Kayak photography, either on the sea or in whitewater, is one of the hardest types of photography to master. You’re trying to photograph and paddle at the same time, you’ve got water on the lens, and most of your photos come back blurry, or worse, boring. Here are ten tips for shooting on the water.
Know Your Story
Before you even take your camera out, know why you’re taking a photo. Photography is a form of communicating, and there’s no point trying to communicate if you don’t have something to say. Ask yourself “what’s compelling about where I am or what I’m doing?” The stars at night while the river rushes by your camp? The drop in your stomach you feel before you drop into a big rapid? The strange feeling of squeezing into wet gear on a cold morning?
If you only do one thing to improve your photography, put less in the frame. Most images are too cluttered, try and say too much all at once, or struggle to include a vast sweeping landscape that will never fit in one image. Go minimalist. Your images will be better.
Make the viewer wonder. Great images are often cliffhangers, and kayaking images are no exception. This image of a kayaker descending a waterfall makes the viewer wonder where the bottom is, where the top is, and how he’ll land. The tight framing that excludes the setting’s details makes the viewer wonder, and wondering creates suspense.
One of the hardest things about kayak photography is that the perspective never varies: you’re always on the water. That’s a choice, although you’ll have to work harder to vary your perspective in kayaking than shooting cycling, skiing, or other sports. Get out of your kayak and climb up on rocks to get a good angle, stand in the surf, swim, do whatever it takes to vary the perspective. This is often easier in whitewater kayaking, where eddies abound than it is on the sea.
It’s More Than Action
Action shots dominate kayak photography for obvious reasons. But those aren’t the only stories. Tell the stories of your friends being stuck in tents during a storm, coaching each other, scouting rapids, loading boats on cars and cleaning gear. All of these are part of the story. Like any story, the characters and the setting matter as much as the climactic moment.
Master Your Machine
This may sound obvious, but learn how to work your camera. I mean really work it. If you don’t know how to override your camera’s meter quickly, or to change the focus point, learn now. You’ll be glad when the light is changing, the action is fast and you might only have one shot. Even the small, relatively inexpensive point-and-shoot cameras that are waterproof and fit in PFD pockets have features like spot-meters, exposure compensation and custom modes that you can turn on in a jiffy.
Be a Connoisseur of Light
Light is and will always be the raw material of every photographer. Bad light usually equals bad images regardless of how cool the subject matter is or how hard you worked to get in position for the shot. Good photographers know the difference 1/3 of an f‑stop makes when the range of light in a scene exceeds what a camera’s sensor can handle, and how the light they see will be rendered as an image. Use a combination of planning—seeking opportunities for photography when the light is good—and learning to make the most of what the day gives.

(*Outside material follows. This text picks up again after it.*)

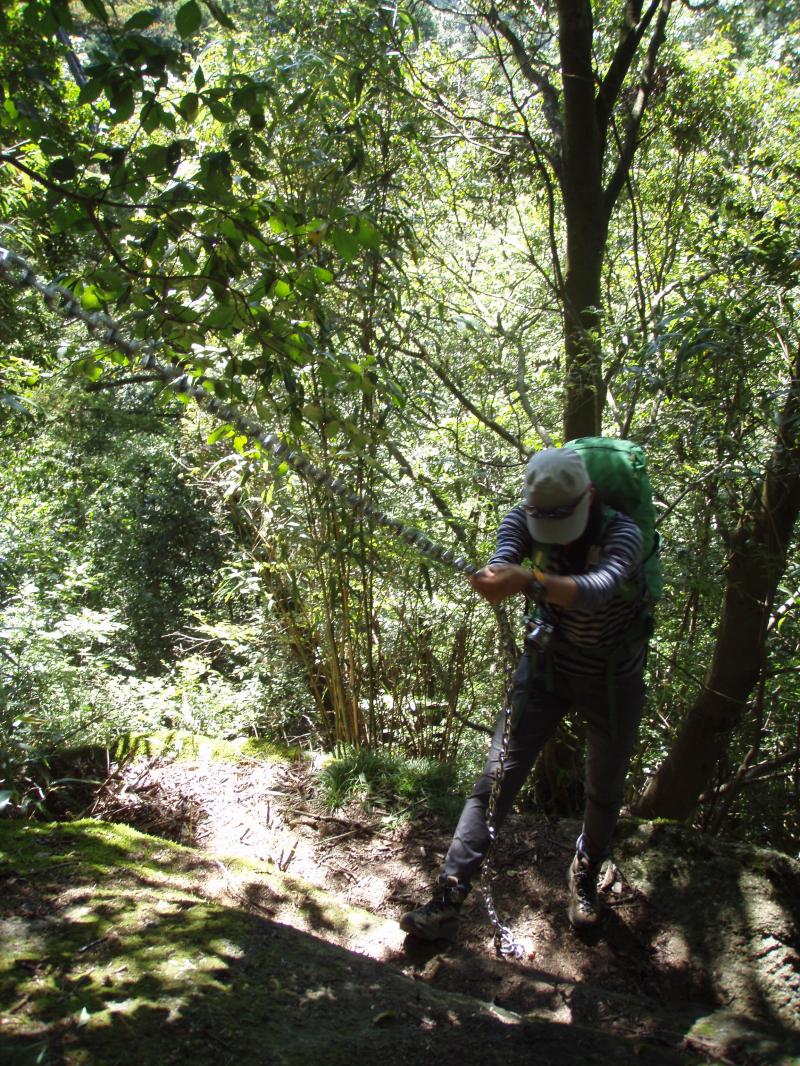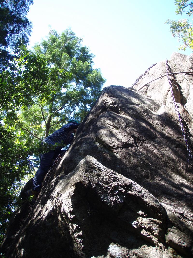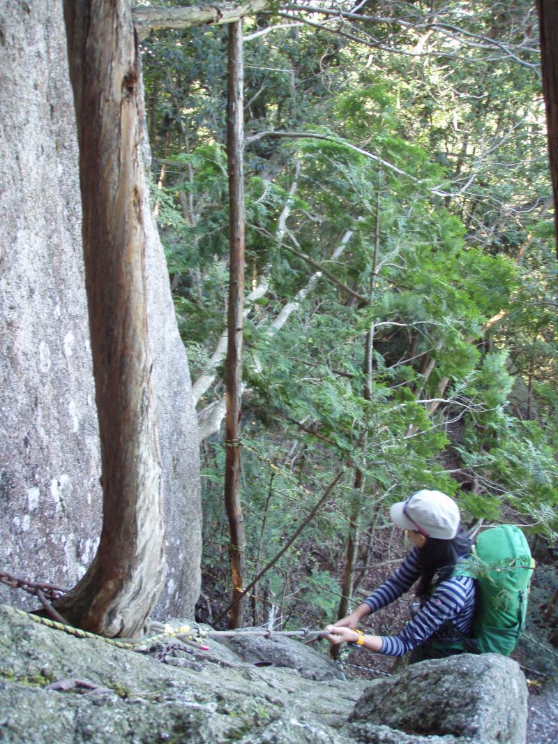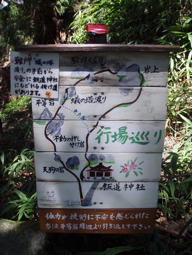 宮町登山口の先にある駐車場から出発。山道を半時間歩くと、飯道神社に到着。ここから左奥に進むと行場コース。鎖を伝っての上り下りや、狭い岩穴に潜り込んだりしますので、体力に自信の無い方はお避け下さい。

Use Both Sides of Your Brain
As David DuChemin says, photography involves balancing the artist and geek. There are a lot of technical details ranging from camera settings and exposure to managing endless gadgetry. Thus technical mastery often runs counter to the artistic side of the brain that conceives of great stories and does things that don’t make rational sense—but that can lead to stunning images. Grow both sides of your brain and give them both a home behind the camera.
Find A Group
I find it hard to shoot with other people: schedules conflict, we get in each other’s way or we want to shoot different places. But groups are great when you’re looking at images later: they can react to your images, provide feedback, be objective and provide a collaborative environment for skill development and creativity.
Let’s face it: there are a ton of photographers out there. This is even true of relatively small sectors like kayak photography. To make yourself stand out, being good isn’t enough: you’ve got to do something different from the masses, from how and what you shoot to the look of your images to how you share them or engage a community in your vision.